One skill that career politicians have mastered is the art of public speech and interviews. Nearly everything a politician says publicly is scripted in some form or another. Why? Because they know that speaking off the cuff leaves one vulnerable to gaffs and accidentally disclosing information. By sticking to a script or talking points, someone making a speech or doing an interview can stay on point without steering the vehicle off the road.
While we often criticize politicians for this, the country is better off this way. A huge part of being a leader, whether it’s a supervisor at the company or leader of the free world, is making your position clear and creating a positive relationship with as many people as possible. If a politician never scripts out their thoughts, he or she runs the risk of mixing signals and saying something that can be misinterpreted in a negative way. The higher up the chain, the more devastating the consequences. That’s why Congressmen, Congresswomen and those in the Executive Branch choose their words carefully.

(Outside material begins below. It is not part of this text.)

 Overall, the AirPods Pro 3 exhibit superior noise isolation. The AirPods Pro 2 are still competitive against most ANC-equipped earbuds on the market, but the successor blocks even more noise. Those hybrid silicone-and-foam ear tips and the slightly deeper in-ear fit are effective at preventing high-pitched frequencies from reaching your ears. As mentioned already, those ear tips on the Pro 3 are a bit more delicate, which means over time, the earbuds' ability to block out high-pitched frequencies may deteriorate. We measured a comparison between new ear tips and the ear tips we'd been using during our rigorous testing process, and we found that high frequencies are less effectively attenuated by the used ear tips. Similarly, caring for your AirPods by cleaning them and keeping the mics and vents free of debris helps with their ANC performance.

But Trump is an outsider. He’s not a career politician. The people don’t want someone speaking from a teleprompter. Well, guess what. You need someone speaking from a teleprompter.
Another hot topic among Trump supporters is trade policy. They’re against the North American Free Trade Agreement, Trans-Pacific Partnership and 100 percent for an “America first” approach.

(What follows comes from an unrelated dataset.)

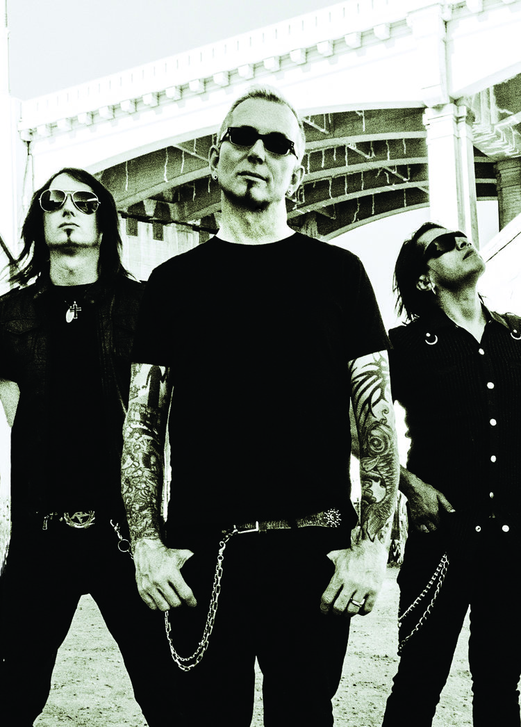 Publicity photo of Art Alexakis (front center) and his bandmates in Everclear.

The average person knows nothing about trade policy. It’s insanely complicated and multi-layered. One of my beats as a staff writer at a transportation trade magazine is NAFTA. I know more than you and the overwhelming majority of Trump supporters. Yet, I still don’t know nearly as much as the career politicians in the Committee on Ways and Means. Yeah, you probably didn’t even know that committee exists, let alone it oversees issues such as NAFTA.
But Trump is not the average American. He’s a very successful businessman who makes international deals every year. Trump probably knows more about trade than most.

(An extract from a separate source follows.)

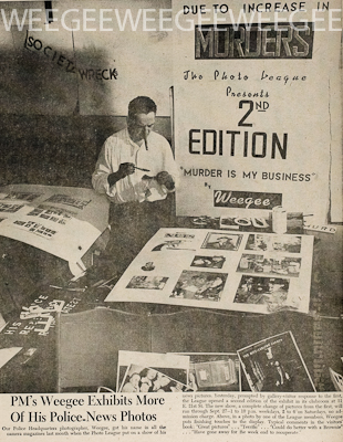 “Our Police Headquarters photographer, Weegee, got his name in all the camera magazines last month when the Photo League put on a show of his news pictures. Yesterday, prompted by gallery-visitor response to the first, the league opened a second edition of the exhibit in its clubroom at 31 E. 21st St. The new show, a complete change of pictures from the first…… Above, in a photo by one of the League members, Weegee puts finishing touches to the display. Typical comments in the visitors’ book: “Great pictures”… “Terrific”… “Could do better with a Brownie”… “Have gone away for the weekend to recuperate.””

Although probably true, Trump has no experience with trade policy as a politician. He may know what works best for his interests, but as president he must know what’s best for everyone’s interest in the long term. This short Vox video does a great job explaining Trump’s misunderstanding of trade policy:
Essentially, getting rid of NAFTA will have severe consequences on a demographic that largely (and ironically) voted for him. The people who hate NAFTA are the people who need it the most, but since they don’t have a higher education – or experience – in global economics, they wouldn’t know that.
Vox also points out that manufacturing jobs have been on the decline since the 1940s, well before NAFTA. The decline has less to do with bad trade policy and more to do with advance technologies and globalization.
As far as TPP goes, getting rid of it will feed the giant monster that is China. If it’s all about “America first,” then weakening your opponent (China) is certainly best, and that’s partly what TPP does.
NAFTA passed with a 61-38 vote, mostly backed by Republicans. And the Defending Public Safety Employees’ Retirement Act, the bill giving the president authority to move forward with TPP, passed 60-38 with an overwhelming Republican majority.
We are the problem
The problem is not with career politicians. They know more about the important issues and the nuances of leadership and governing than nearly everyone else in the United States.
The real problem is not enough of the right people are becoming career politicians. Politicians are still primarily rich, white men. As soon as gay, black, Hispanic, female, Muslim, bisexual, Asian, etc. people who come from the lower half of the socioeconomic ladder become career politicians, you’ll never ask for an outsider again.
Perhaps a rich, white male is not the best “outsider.”
2 thoughts on “The case for career politicians”
It seems a lot of Americans want “everything now” Life is a journey; education, experience, using our five senses. Etc. Tread lightly or we will drown ourselves.